-
Notifications
You must be signed in to change notification settings - Fork 683
Description
High-level tracking issue for general storage optimization efforts. This issue can be expanded over time.
At present (mid 2023), depending on their configuration, Tendermint-based nodes use large quantities of storage space. This has significant cost implications for operators. We aim to implement strategies to reduce and/or offload certain data stored in order to reduce operators' costs.
The two main problems that are present in the CometBFT storage layer:
- We have a very big storage footprint
- Querying stored data (whether supporting RPC queries or Comet retrieving consensus data structures) is not optimized and in some cases proven to be very efficient
To address these problems, we first need to build understanding of:
- Workloads : What we store, how frequently we access it, what are the characteristics of the stored data (and this list will be expanded).

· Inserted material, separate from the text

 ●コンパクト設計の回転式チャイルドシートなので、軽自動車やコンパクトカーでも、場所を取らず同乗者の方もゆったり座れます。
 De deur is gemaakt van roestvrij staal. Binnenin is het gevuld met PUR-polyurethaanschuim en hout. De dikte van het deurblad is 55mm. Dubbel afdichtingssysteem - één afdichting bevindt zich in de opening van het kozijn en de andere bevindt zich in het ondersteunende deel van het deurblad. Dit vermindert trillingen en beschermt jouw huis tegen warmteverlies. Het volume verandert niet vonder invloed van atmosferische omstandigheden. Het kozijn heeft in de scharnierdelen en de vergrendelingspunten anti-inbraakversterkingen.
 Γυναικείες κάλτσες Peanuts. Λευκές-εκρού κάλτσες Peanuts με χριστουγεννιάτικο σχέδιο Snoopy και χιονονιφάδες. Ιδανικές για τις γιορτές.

- The database backend: database features, design goals and optimization possibilities.
The work to be done can be broken down in the following main subsections:
- Understand and simplify CometBFT database backend #48
The end result of this work should be CometBFT optimized for a single storage backend which ultimately results in a significant reduction in both storage access time and on disk storage footprint.

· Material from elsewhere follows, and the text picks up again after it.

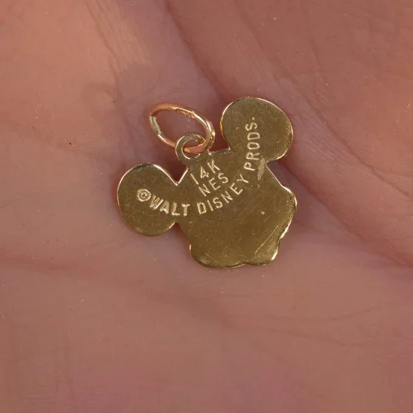 Vintage 14k Mickey Mouse Walt Disney Productions Charm .75" wide x .75" tall with original uncut jump ring. 1.6 grams.
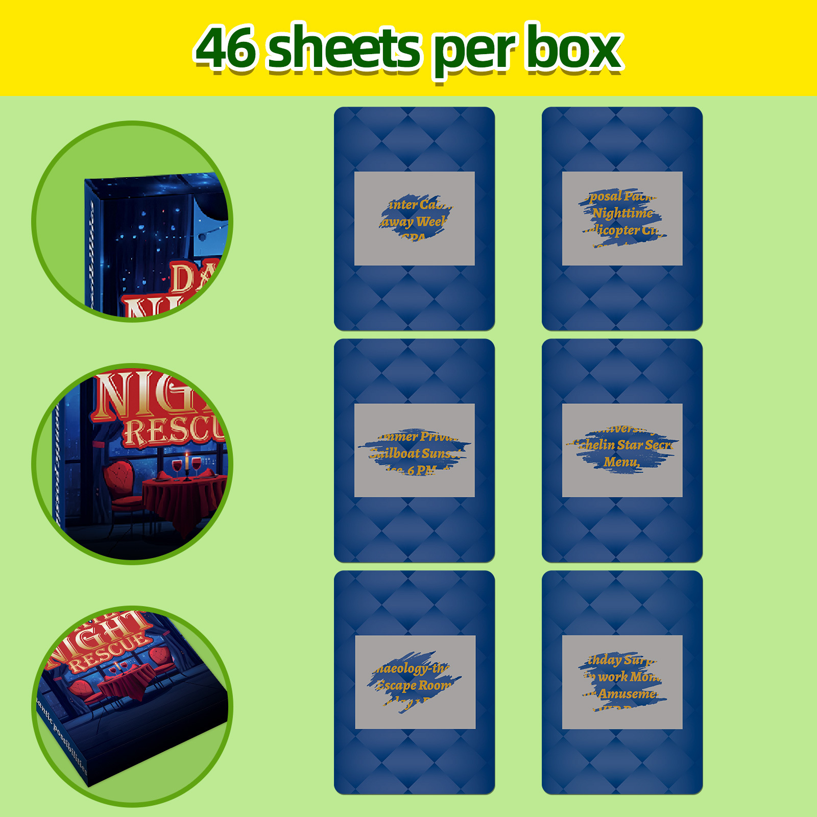 크로스-국경 새로운 46 커플 데이트 아이디어 스크래치 카드 따뜻한 재미 커플 데이트 대화 형 카드 재고 배치

To reach this goal we envision the following steps :
- Define external users and use cases for the CometBFT storage layer #68
Preliminary investigation to identify the users and workloads of the storage backend (how they query the nodes, what are their common pain points with regards to storage, collection of issues to address). - Establish the baseline and future requirements for the storage backend #63
- Benchmark current storage improvements #1044
- Understand the workload: What data are we storing, in what format
- Establish and implement the relevant metrics to understand storage workloads #46
- Storage evaluation baseline: measure and report current storage related behaviour of CometBFT #67
- Evaluate database engines according to requirements and decide which one to optimize #64
- Refactor CometBFT to use a single underlying database #1039
- Add support for users to migrate to the chosen backend
Tune CometBFT to address storage related bottlenecks
Part of this section covers addressing issues found during the benchmarking and investigation process outlined above. Another part addresses concrete issues reported by users. While part of this issues cannot be fully addressed before the analysis above, some optimizations can be performed on CometBFT as it is today - marked with * .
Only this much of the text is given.